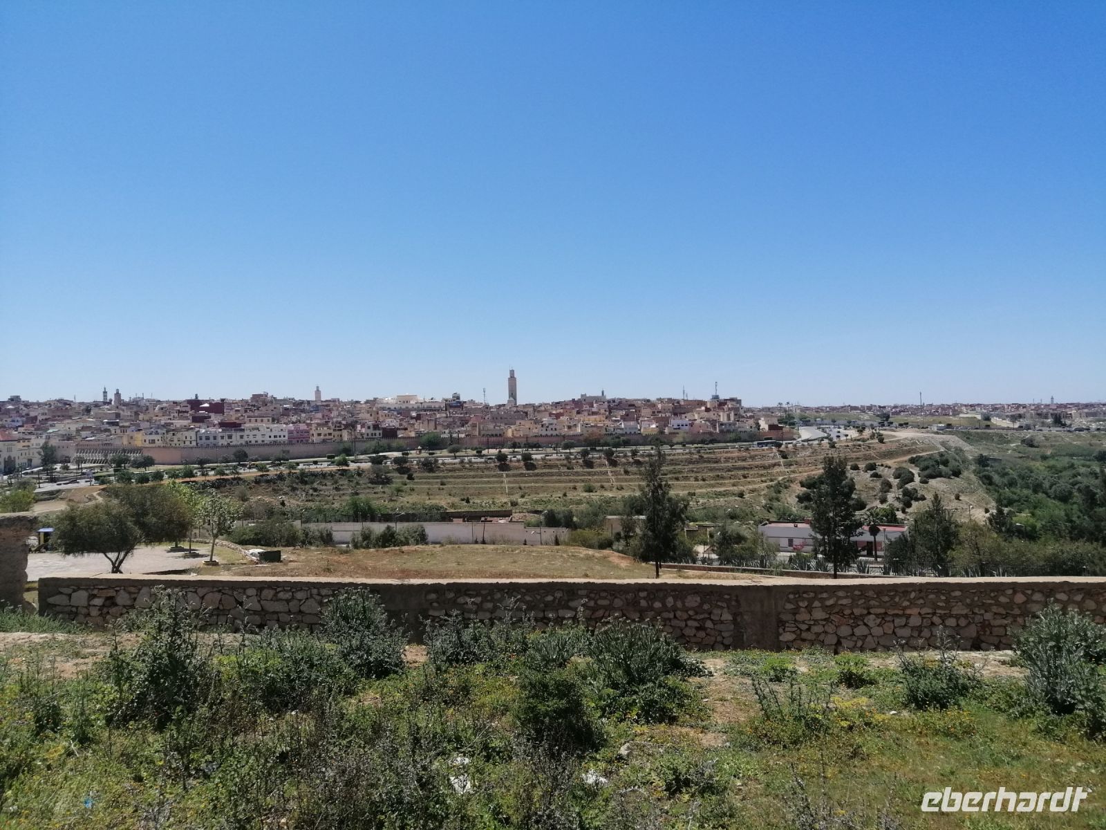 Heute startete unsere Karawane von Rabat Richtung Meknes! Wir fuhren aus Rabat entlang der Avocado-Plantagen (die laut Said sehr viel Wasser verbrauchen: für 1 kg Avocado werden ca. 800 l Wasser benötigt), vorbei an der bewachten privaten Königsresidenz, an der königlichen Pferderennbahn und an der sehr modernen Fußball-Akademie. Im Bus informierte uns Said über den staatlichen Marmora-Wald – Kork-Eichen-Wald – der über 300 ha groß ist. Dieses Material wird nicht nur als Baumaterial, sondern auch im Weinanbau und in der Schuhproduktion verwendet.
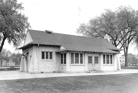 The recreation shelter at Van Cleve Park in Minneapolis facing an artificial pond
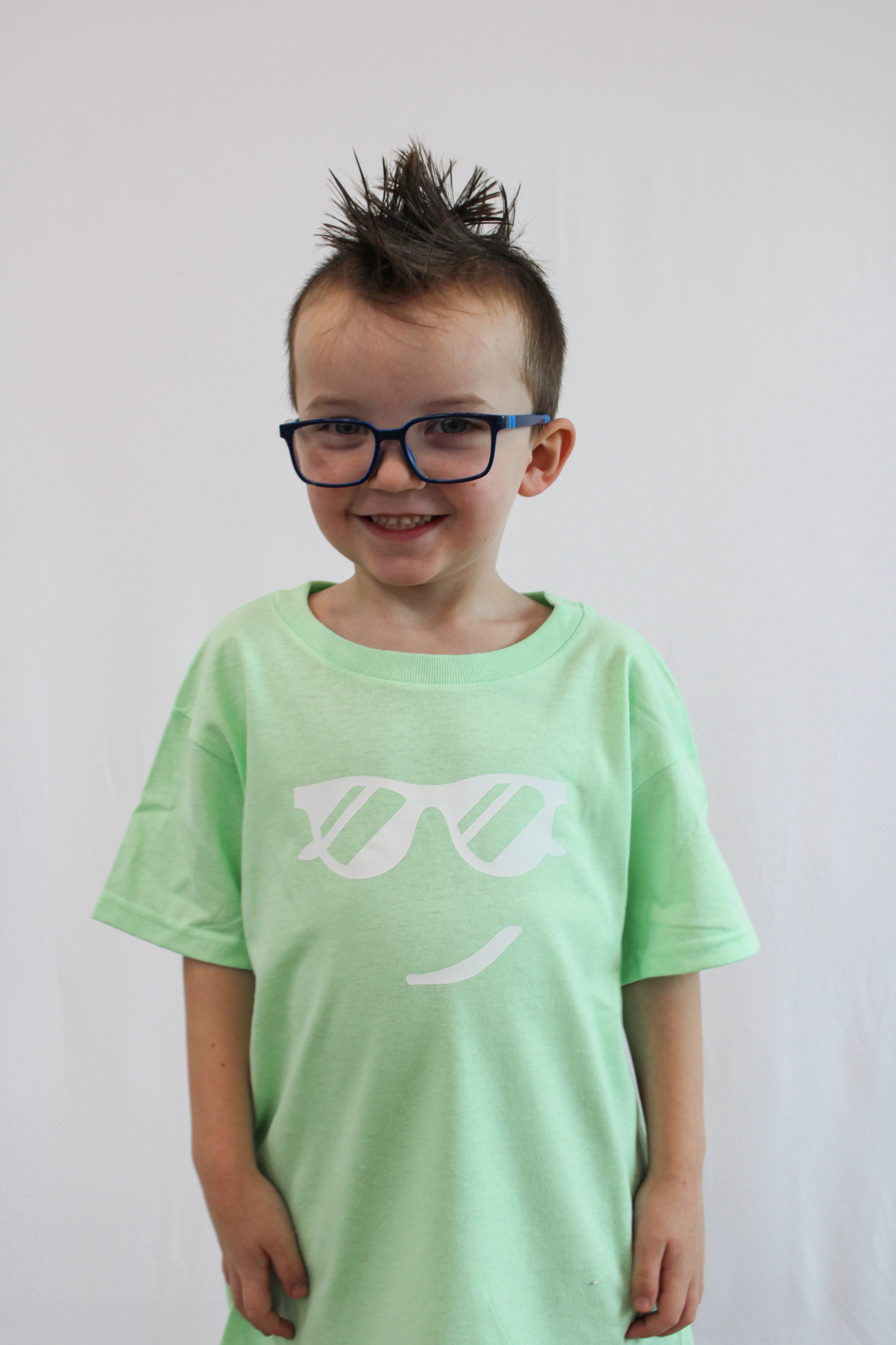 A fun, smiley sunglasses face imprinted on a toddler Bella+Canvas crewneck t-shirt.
────
Before handing back the copy, remove the pictures; otherwise print the data exactly.

 Heute startete unsere Karawane von Rabat Richtung Meknes! Wir fuhren aus Rabat entlang der Avocado-Plantagen (die laut Said sehr viel Wasser verbrauchen: für 1 kg Avocado werden ca. 800 l Wasser benötigt), vorbei an der bewachten privaten Königsresidenz, an der königlichen Pferderennbahn und an der sehr modernen Fußball-Akademie. Im Bus informierte uns Said über den staatlichen Marmora-Wald – Kork-Eichen-Wald – der über 300 ha groß ist. Dieses Material wird nicht nur als Baumaterial, sondern auch im Weinanbau und in der Schuhproduktion verwendet.
 The recreation shelter at Van Cleve Park in Minneapolis facing an artificial pond
 A fun, smiley sunglasses face imprinted on a toddler Bella+Canvas crewneck t-shirt.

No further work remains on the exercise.